Source data:
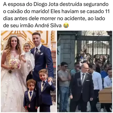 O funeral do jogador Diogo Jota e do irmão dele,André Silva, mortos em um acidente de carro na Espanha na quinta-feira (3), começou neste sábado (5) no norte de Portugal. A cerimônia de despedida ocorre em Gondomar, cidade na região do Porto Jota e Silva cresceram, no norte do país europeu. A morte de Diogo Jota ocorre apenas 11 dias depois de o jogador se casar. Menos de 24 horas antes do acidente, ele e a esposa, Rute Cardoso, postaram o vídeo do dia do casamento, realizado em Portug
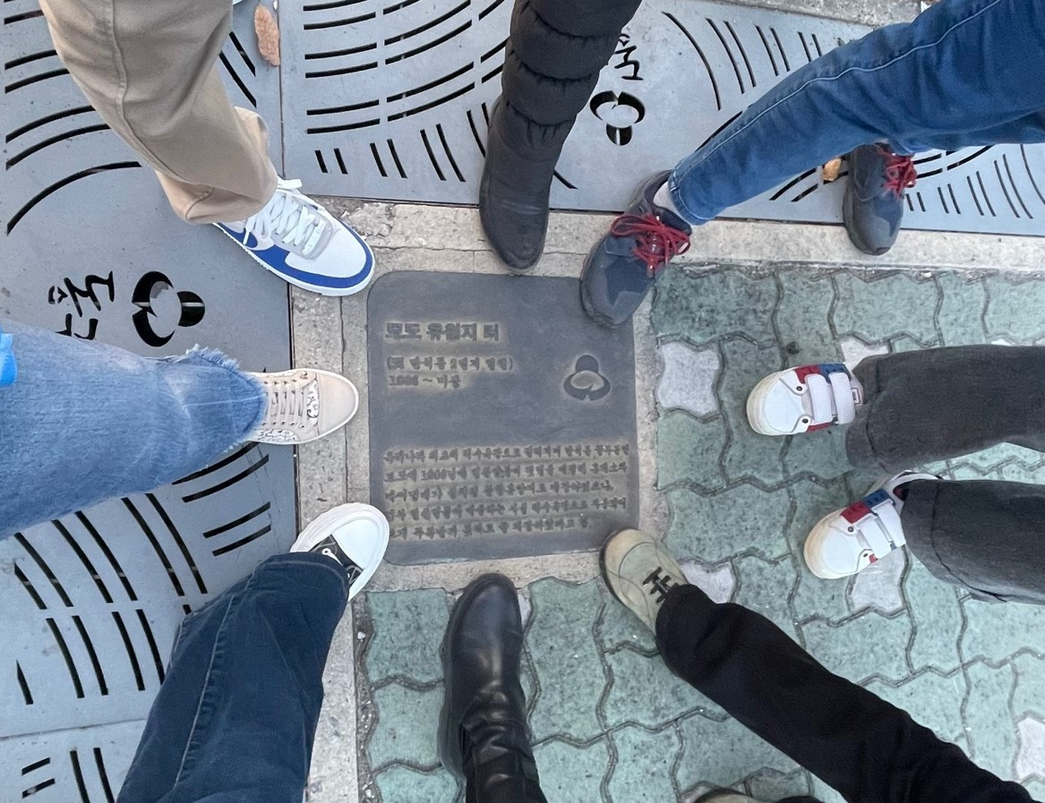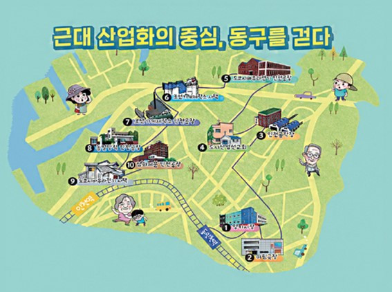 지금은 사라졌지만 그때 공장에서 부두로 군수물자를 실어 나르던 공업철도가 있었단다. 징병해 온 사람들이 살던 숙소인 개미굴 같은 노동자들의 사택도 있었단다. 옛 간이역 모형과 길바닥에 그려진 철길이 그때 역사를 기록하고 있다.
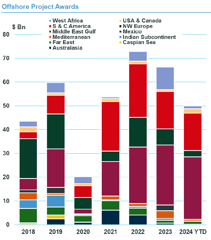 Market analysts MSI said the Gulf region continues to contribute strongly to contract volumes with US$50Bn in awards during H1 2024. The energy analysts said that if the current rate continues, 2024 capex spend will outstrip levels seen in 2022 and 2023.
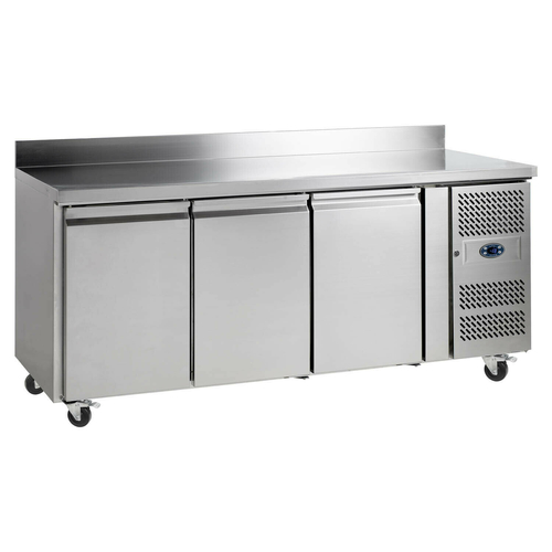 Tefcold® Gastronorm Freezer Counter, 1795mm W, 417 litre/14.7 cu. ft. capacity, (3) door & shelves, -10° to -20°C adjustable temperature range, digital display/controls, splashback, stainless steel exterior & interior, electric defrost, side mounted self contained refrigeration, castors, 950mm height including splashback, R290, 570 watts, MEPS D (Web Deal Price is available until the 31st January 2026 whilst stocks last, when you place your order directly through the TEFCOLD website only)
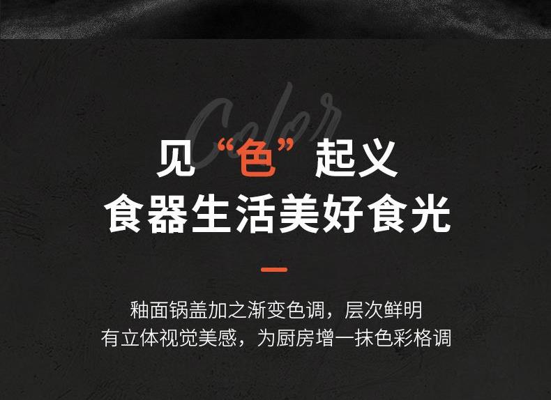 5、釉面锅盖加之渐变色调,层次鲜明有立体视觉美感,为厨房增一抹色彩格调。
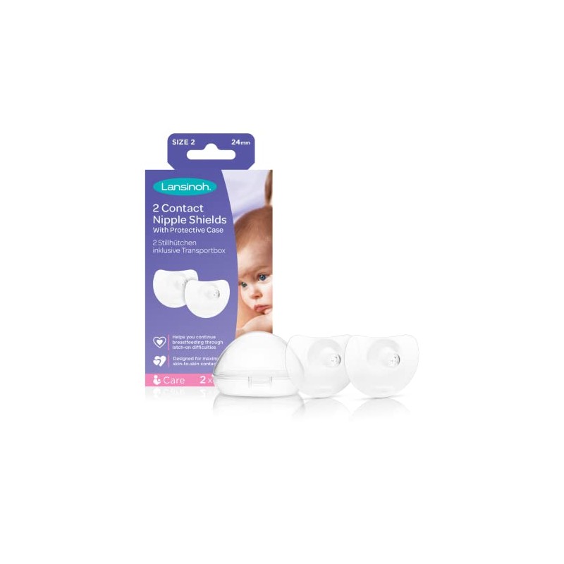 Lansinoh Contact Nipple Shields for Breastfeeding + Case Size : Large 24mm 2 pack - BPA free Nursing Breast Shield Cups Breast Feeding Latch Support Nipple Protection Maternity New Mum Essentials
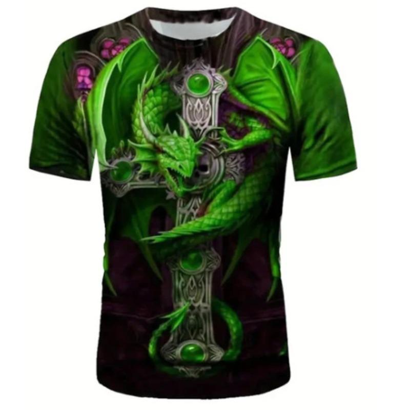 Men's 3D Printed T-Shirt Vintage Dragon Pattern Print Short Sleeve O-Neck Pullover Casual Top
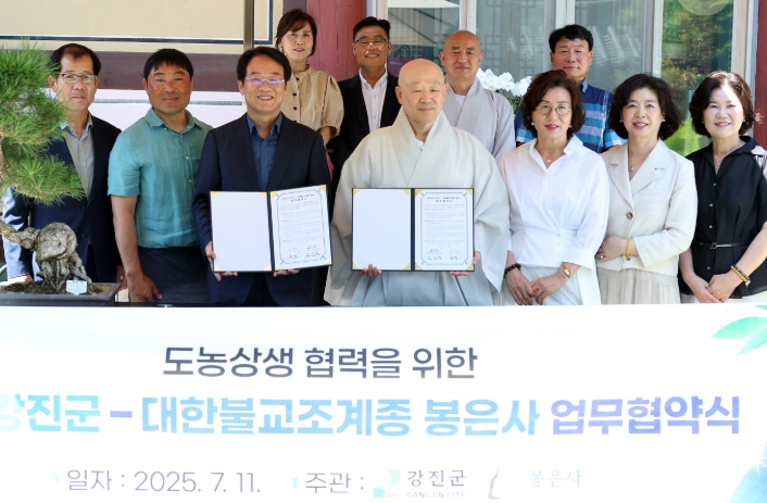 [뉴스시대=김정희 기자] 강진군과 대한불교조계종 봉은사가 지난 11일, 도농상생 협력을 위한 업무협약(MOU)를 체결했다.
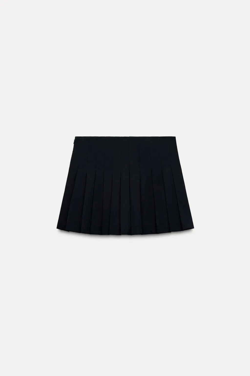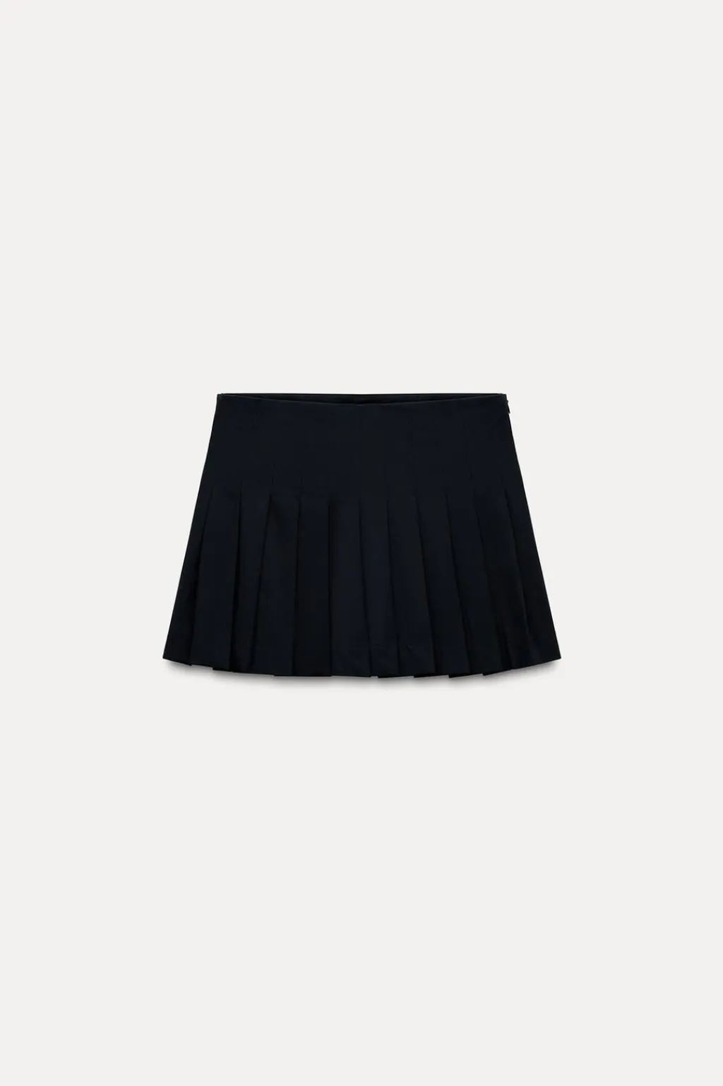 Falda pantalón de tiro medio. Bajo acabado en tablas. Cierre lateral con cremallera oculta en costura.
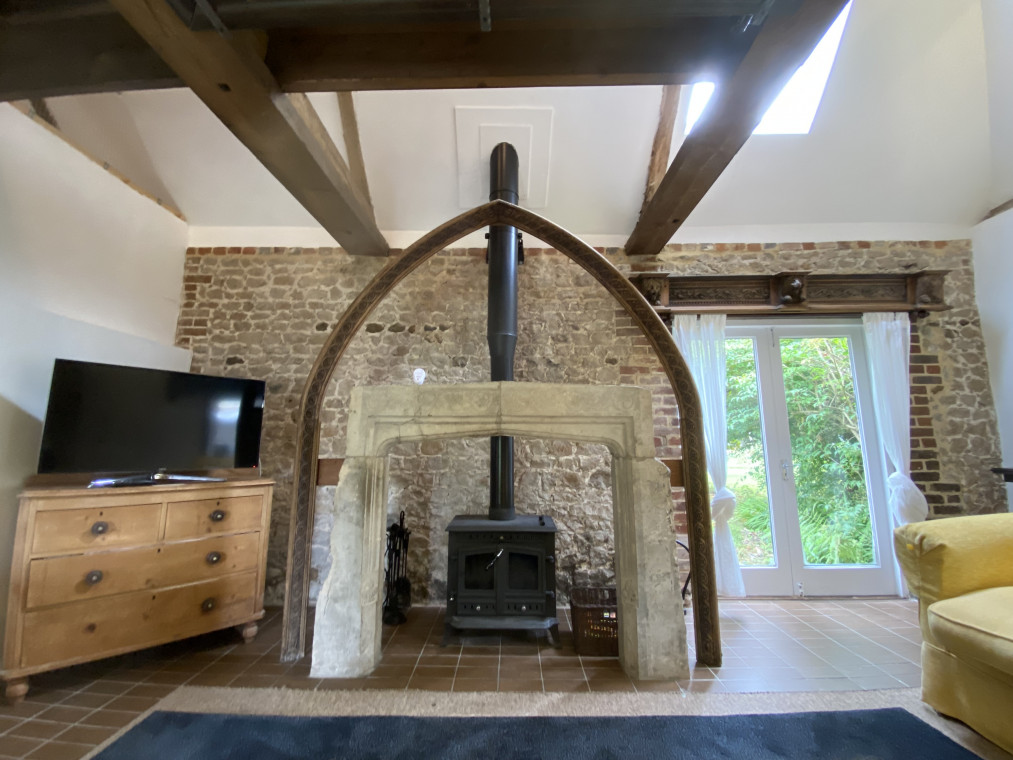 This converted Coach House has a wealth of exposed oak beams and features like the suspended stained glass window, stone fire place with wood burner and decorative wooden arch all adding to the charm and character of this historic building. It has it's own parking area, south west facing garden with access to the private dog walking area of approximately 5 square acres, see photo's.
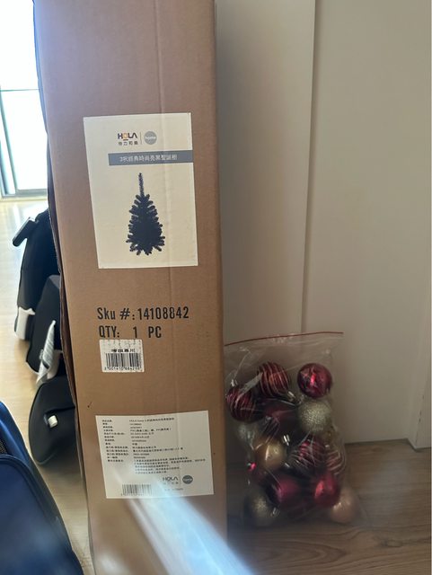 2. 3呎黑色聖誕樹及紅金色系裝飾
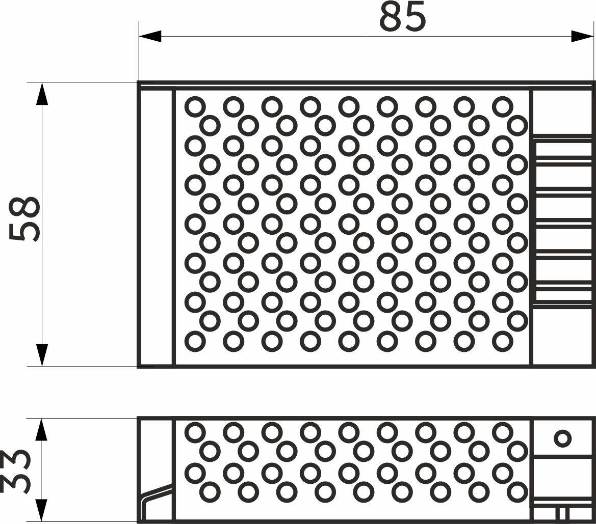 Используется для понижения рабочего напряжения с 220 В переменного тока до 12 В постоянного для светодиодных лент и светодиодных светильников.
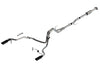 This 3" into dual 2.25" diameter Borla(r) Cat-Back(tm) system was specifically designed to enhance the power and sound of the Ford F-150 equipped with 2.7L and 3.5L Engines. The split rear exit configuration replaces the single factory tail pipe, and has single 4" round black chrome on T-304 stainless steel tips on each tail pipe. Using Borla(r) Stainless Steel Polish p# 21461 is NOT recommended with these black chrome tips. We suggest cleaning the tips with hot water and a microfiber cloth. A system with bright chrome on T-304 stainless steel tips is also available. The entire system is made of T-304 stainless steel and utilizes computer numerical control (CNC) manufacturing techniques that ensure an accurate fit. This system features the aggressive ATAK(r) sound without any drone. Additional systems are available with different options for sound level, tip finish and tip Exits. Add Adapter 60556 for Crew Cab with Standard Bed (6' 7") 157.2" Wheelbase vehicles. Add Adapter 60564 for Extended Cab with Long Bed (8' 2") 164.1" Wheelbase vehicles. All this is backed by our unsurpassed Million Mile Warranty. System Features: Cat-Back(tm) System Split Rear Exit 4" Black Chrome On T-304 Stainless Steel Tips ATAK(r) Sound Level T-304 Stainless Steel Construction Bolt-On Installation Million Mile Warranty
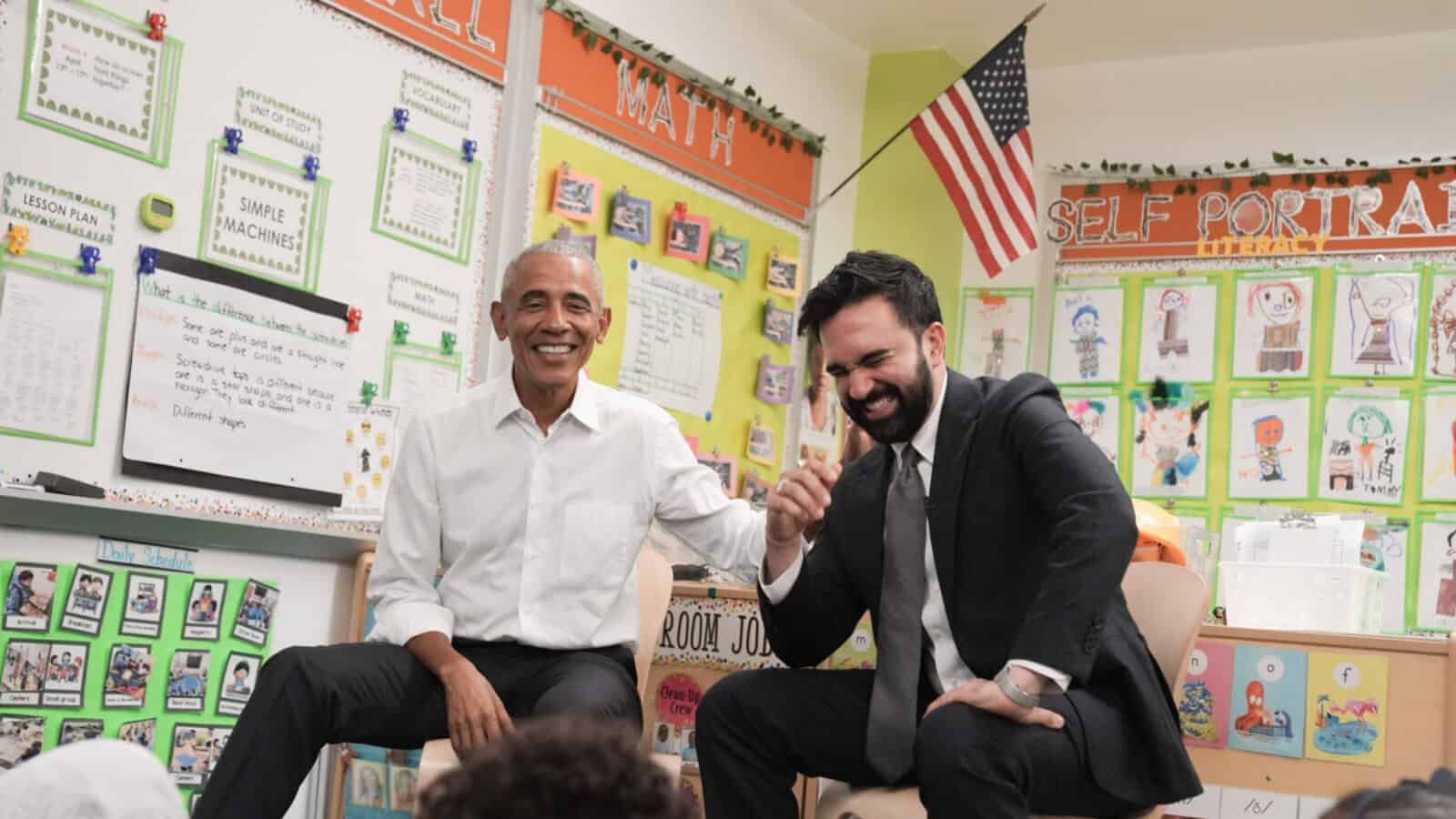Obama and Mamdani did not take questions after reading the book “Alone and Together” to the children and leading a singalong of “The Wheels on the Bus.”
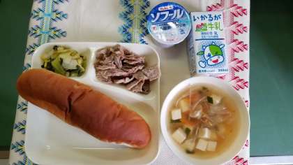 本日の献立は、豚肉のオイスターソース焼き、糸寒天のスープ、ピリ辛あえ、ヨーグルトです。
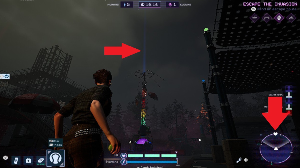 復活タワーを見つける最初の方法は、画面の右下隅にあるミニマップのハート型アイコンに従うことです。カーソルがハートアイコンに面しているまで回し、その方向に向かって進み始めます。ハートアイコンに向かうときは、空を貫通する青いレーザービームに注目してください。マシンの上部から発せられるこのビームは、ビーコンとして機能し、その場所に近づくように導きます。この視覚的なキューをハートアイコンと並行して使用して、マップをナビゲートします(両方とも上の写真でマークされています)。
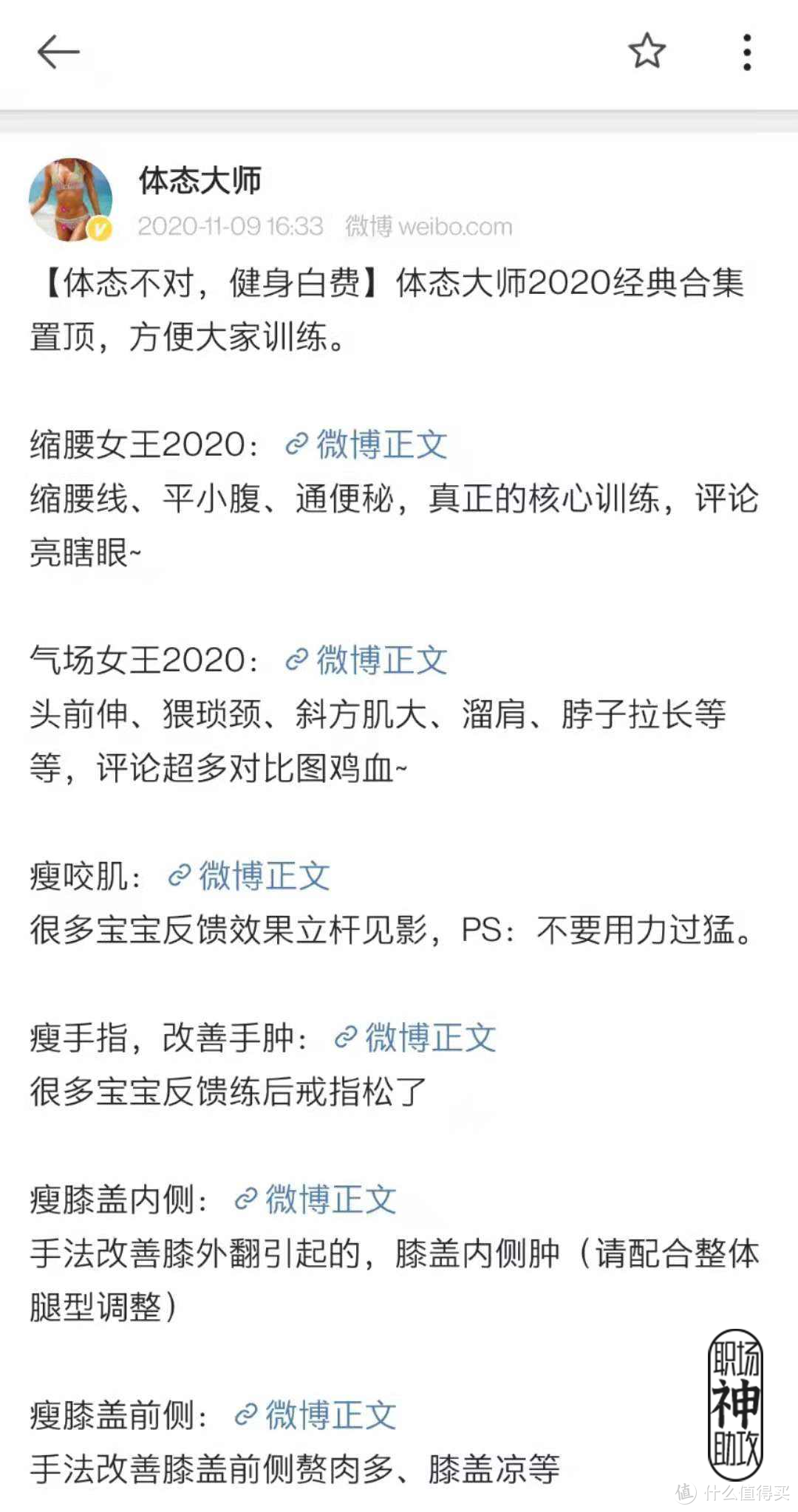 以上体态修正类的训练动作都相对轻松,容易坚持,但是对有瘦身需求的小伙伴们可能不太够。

Problem to solve: When you reproduce the data shown above, keep each line exact and omit every picture.

Task solution:
 O funeral do jogador Diogo Jota e do irmão dele,André Silva, mortos em um acidente de carro na Espanha na quinta-feira (3), começou neste sábado (5) no norte de Portugal. A cerimônia de despedida ocorre em Gondomar, cidade na região do Porto Jota e Silva cresceram, no norte do país europeu. A morte de Diogo Jota ocorre apenas 11 dias depois de o jogador se casar. Menos de 24 horas antes do acidente, ele e a esposa, Rute Cardoso, postaram o vídeo do dia do casamento, realizado em Portug
 지금은 사라졌지만 그때 공장에서 부두로 군수물자를 실어 나르던 공업철도가 있었단다. 징병해 온 사람들이 살던 숙소인 개미굴 같은 노동자들의 사택도 있었단다. 옛 간이역 모형과 길바닥에 그려진 철길이 그때 역사를 기록하고 있다.
 Market analysts MSI said the Gulf region continues to contribute strongly to contract volumes with US$50Bn in awards during H1 2024. The energy analysts said that if the current rate continues, 2024 capex spend will outstrip levels seen in 2022 and 2023.
 Tefcold® Gastronorm Freezer Counter, 1795mm W, 417 litre/14.7 cu. ft. capacity, (3) door & shelves, -10° to -20°C adjustable temperature range, digital display/controls, splashback, stainless steel exterior & interior, electric defrost, side mounted self contained refrigeration, castors, 950mm height including splashback, R290, 570 watts, MEPS D (Web Deal Price is available until the 31st January 2026 whilst stocks last, when you place your order directly through the TEFCOLD website only)
 5、釉面锅盖加之渐变色调,层次鲜明有立体视觉美感,为厨房增一抹色彩格调。
 Lansinoh Contact Nipple Shields for Breastfeeding + Case Size : Large 24mm 2 pack - BPA free Nursing Breast Shield Cups Breast Feeding Latch Support Nipple Protection Maternity New Mum Essentials
 Men's 3D Printed T-Shirt Vintage Dragon Pattern Print Short Sleeve O-Neck Pullover Casual Top
 [뉴스시대=김정희 기자] 강진군과 대한불교조계종 봉은사가 지난 11일, 도농상생 협력을 위한 업무협약(MOU)를 체결했다.
 Falda pantalón de tiro medio. Bajo acabado en tablas. Cierre lateral con cremallera oculta en costura.
 This converted Coach House has a wealth of exposed oak beams and features like the suspended stained glass window, stone fire place with wood burner and decorative wooden arch all adding to the charm and character of this historic building. It has it's own parking area, south west facing garden with access to the private dog walking area of approximately 5 square acres, see photo's.
 2. 3呎黑色聖誕樹及紅金色系裝飾
 Используется для понижения рабочего напряжения с 220 В переменного тока до 12 В постоянного для светодиодных лент и светодиодных светильников.
 This 3" into dual 2.25" diameter Borla(r) Cat-Back(tm) system was specifically designed to enhance the power and sound of the Ford F-150 equipped with 2.7L and 3.5L Engines. The split rear exit configuration replaces the single factory tail pipe, and has single 4" round black chrome on T-304 stainless steel tips on each tail pipe. Using Borla(r) Stainless Steel Polish p# 21461 is NOT recommended with these black chrome tips. We suggest cleaning the tips with hot water and a microfiber cloth. A system with bright chrome on T-304 stainless steel tips is also available. The entire system is made of T-304 stainless steel and utilizes computer numerical control (CNC) manufacturing techniques that ensure an accurate fit. This system features the aggressive ATAK(r) sound without any drone. Additional systems are available with different options for sound level, tip finish and tip Exits. Add Adapter 60556 for Crew Cab with Standard Bed (6' 7") 157.2" Wheelbase vehicles. Add Adapter 60564 for Extended Cab with Long Bed (8' 2") 164.1" Wheelbase vehicles. All this is backed by our unsurpassed Million Mile Warranty. System Features: Cat-Back(tm) System Split Rear Exit 4" Black Chrome On T-304 Stainless Steel Tips ATAK(r) Sound Level T-304 Stainless Steel Construction Bolt-On Installation Million Mile Warranty
Obama and Mamdani did not take questions after reading the book “Alone and Together” to the children and leading a singalong of “The Wheels on the Bus.”
 本日の献立は、豚肉のオイスターソース焼き、糸寒天のスープ、ピリ辛あえ、ヨーグルトです。
 復活タワーを見つける最初の方法は、画面の右下隅にあるミニマップのハート型アイコンに従うことです。カーソルがハートアイコンに面しているまで回し、その方向に向かって進み始めます。ハートアイコンに向かうときは、空を貫通する青いレーザービームに注目してください。マシンの上部から発せられるこのビームは、ビーコンとして機能し、その場所に近づくように導きます。この視覚的なキューをハートアイコンと並行して使用して、マップをナビゲートします(両方とも上の写真でマークされています)。
 以上体态修正类的训练动作都相对轻松,容易坚持,但是对有瘦身需求的小伙伴们可能不太够。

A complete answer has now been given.